Лиловая Сутана с минуту молчал, явно обдумывая возможное применение существ.
— А как ты ими управляешь? — наконец спросил он. — Они поддаются дрессировке?
— Они восприимчивы к сильным мозговым импульсам, — объяснил Грандир. — Существуют определенные заклинания и ритуалы, часто запрещенные, которые усиливают телепатические возможности мозга и позволяют практору установить контроль над более слабым разумом. У этих созданий едва ли вообще есть мозги — ровно столько, сколько необходимо для моих целей. Однажды покорившись, они станут повиноваться каждой моей мысли, независимо от расстояния и местоположения. Я даже могу погрузиться в транс и видеть — или чувствовать — с помощью их ощущений. Они мои глаза и уши в другом мире.
Тут Халме впервые нарушила молчание. Она долго стояла, глядя на обитателей клетки, по-видимому, почти не прислушиваясь к разговору.
— Они отвратительны, — произнесла она.
— Они полезны, — возразил Грандир, как бы поправляя Халме. — Я нахожу даже, что испытываю к ним некую приязнь, подобную той, что в давние времена питали люди к своим домашним питомцам. Они таковы, какими сотворила их природа потустороннего. И если нам удастся избегнуть уготованной нашему миру участи, то, поверь мне, отчасти — впрочем, лишь отчасти, — благодаря им. Не стоит ненавидеть их лишь за то, что они не прекрасны внешне.
Халме ничего не сказала; сняла маску и нагнулась перед клеткой, прижав к стеклу открытое лицо. И смотрела долго, не отрываясь.
— Не смей! — резко одернул женщину Грандир; но, потянувшись к ней, он не посмел отстранить ее от клетки. — Эти еще полудикие. Твое лицо может произвести на них слишком сильное впечатление. Они привяжутся к тебе — навсегда будут носить в себе отпечаток твоего образа. Это может быть очень опасно. Я всегда чрезвычайно осторожен и приучаю их либо к неодушевленному предмету, либо к определенному месту.

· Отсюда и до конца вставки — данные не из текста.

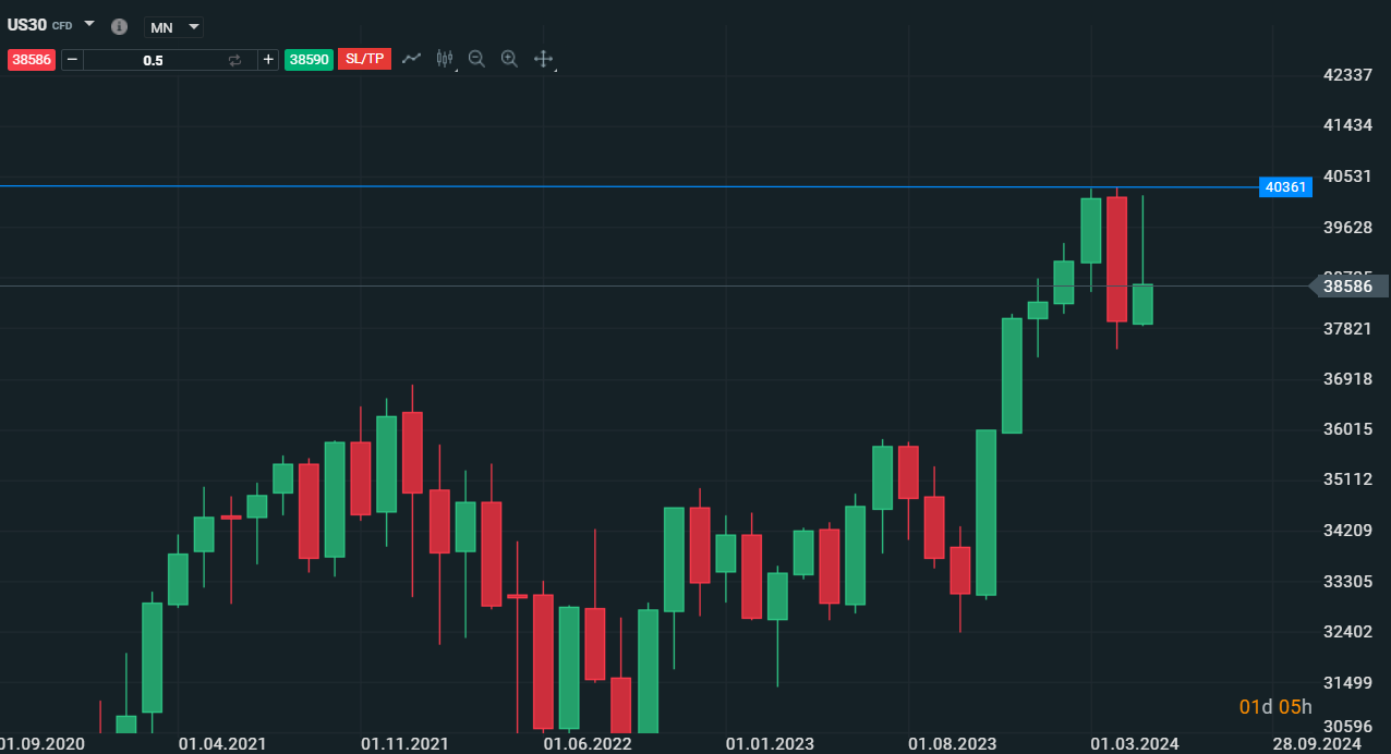 Dow Jones grafico mensile e la shadow pronunciata del mese di maggio dai massimi - Fonte:XStation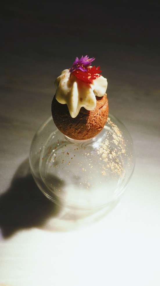 紫罗兰雪宝外形带着冬雪缤纷的气息,架构上主要是将地瓜球当作原型而展开主厨自己的演绎。地瓜球本是空心,洪主厨转而想将其填馅。如华人喜饼一样,地瓜球内填的是捣碎过的芋泥。这么一来,又像芝麻枣,但以地瓜球做外壳。地瓜球配同属根茎蔬菜的芋头,芬芳幽雅
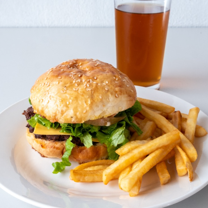 pan de hamburguesa, mantequilla , torta de carne de res, queso amarillo, salsa tomate, mayoneza, mostaza, pepenillos
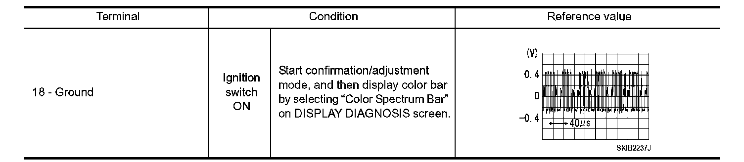 3. Check signal between front display unit harness connector terminal 18 and ground.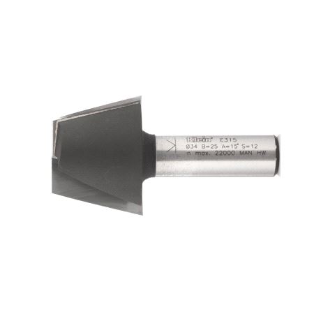 Spesialfres for Corian o.l. Størest diameter Ø23mm. 15°. Tange s=12mm. Mer info HER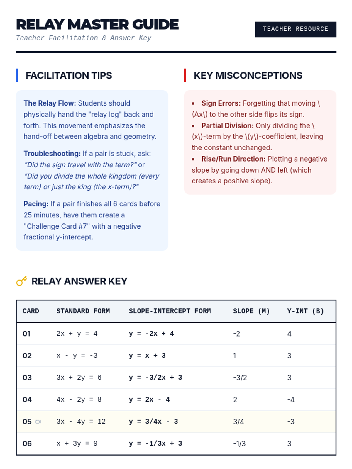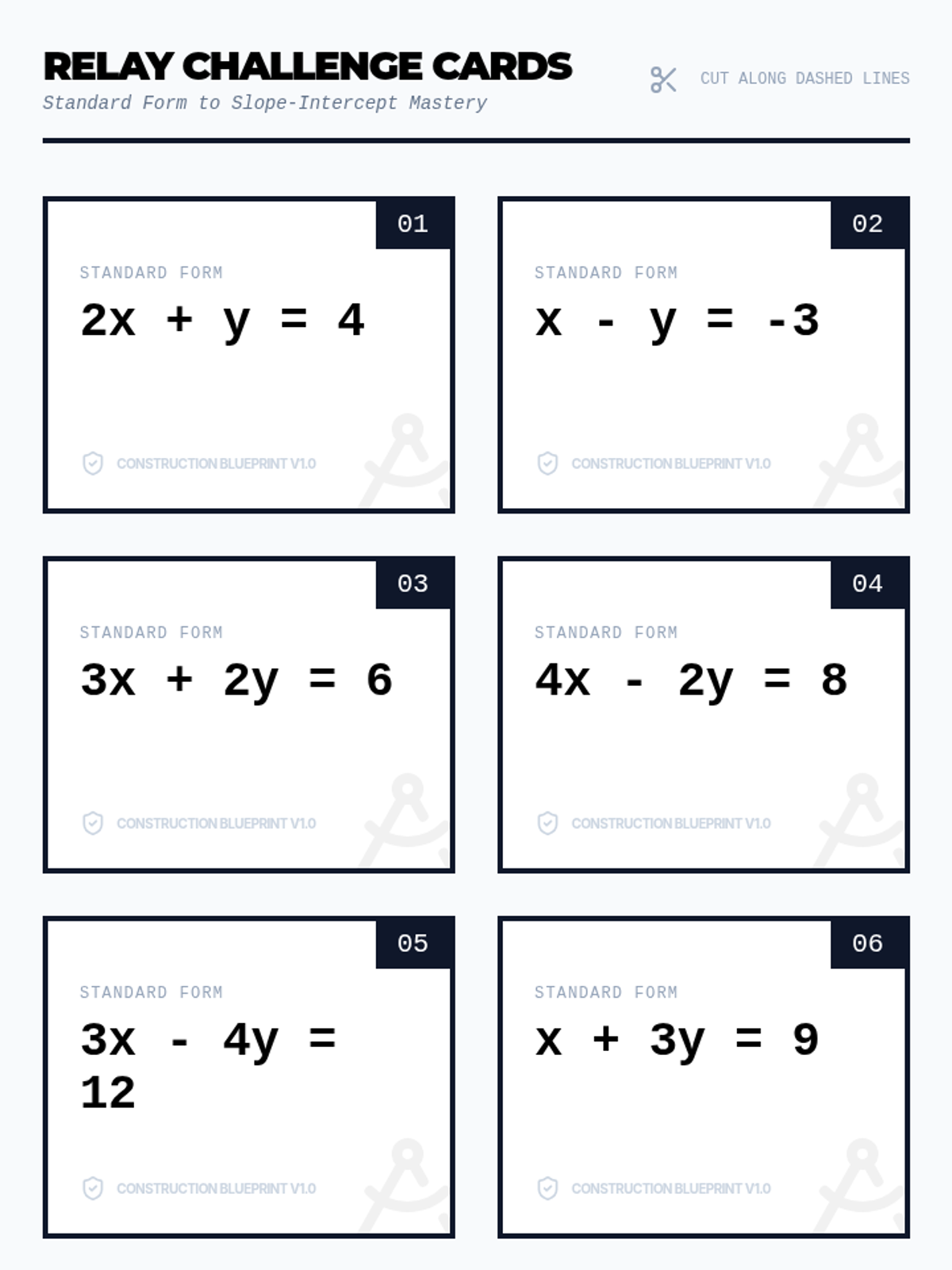 A high-energy lesson where students work in pairs to convert equations from Standard Form to Slope-Intercept Form and graph the results, emphasizing troubleshooting and collaborative problem-solving.

«Чаша, — подумал Натан. — Грааль Лютого Торна». Сам не зная почему, Натан сразу почувствовал, что его догадка верна.
Медленно, почти неохотно Халме отошла от клетки и снова надела маску. Лиловая Сутана дернулся; по-видимому, все это время он смотрел на ее открытое лицо — настолько пристально и потрясенно, что даже Натан почувствовал его взгляд. Лицо без маски, думал мальчик, и впрямь должно шокировать в этом мире масок и плащей. И, наверное, даже здесь Халме отличалась редкостной красотой, о которой все говорили и никто не видел, словно о сокровище, спрятанном в надежном тайнике. В памяти Натана всплывали лица красавиц его мира — вечно мелькающие по телевизору, в газетах, журналах; они казались ему неестественными — продуктом пластической хирургии, киноиндустрии, косметики и кропотливой работы стилистов. Вот истинная загадка, мифическая, сказочная красота, лик Елены Прекрасной. Натану вспомнились строки: То лик, что в путь отправил корабли / И башни сжег безверхие Эллады?[2] Он никогда не мог понять, как башни могут быть безверхими, но в этих словах жила магия, и он с легкостью отнес их на счет Халме. Ради нее Грандир впрямь был способен найти путь, чтобы разрушить барьеры между мирами и создать другой Эдем — рай, недосягаемый для заражения.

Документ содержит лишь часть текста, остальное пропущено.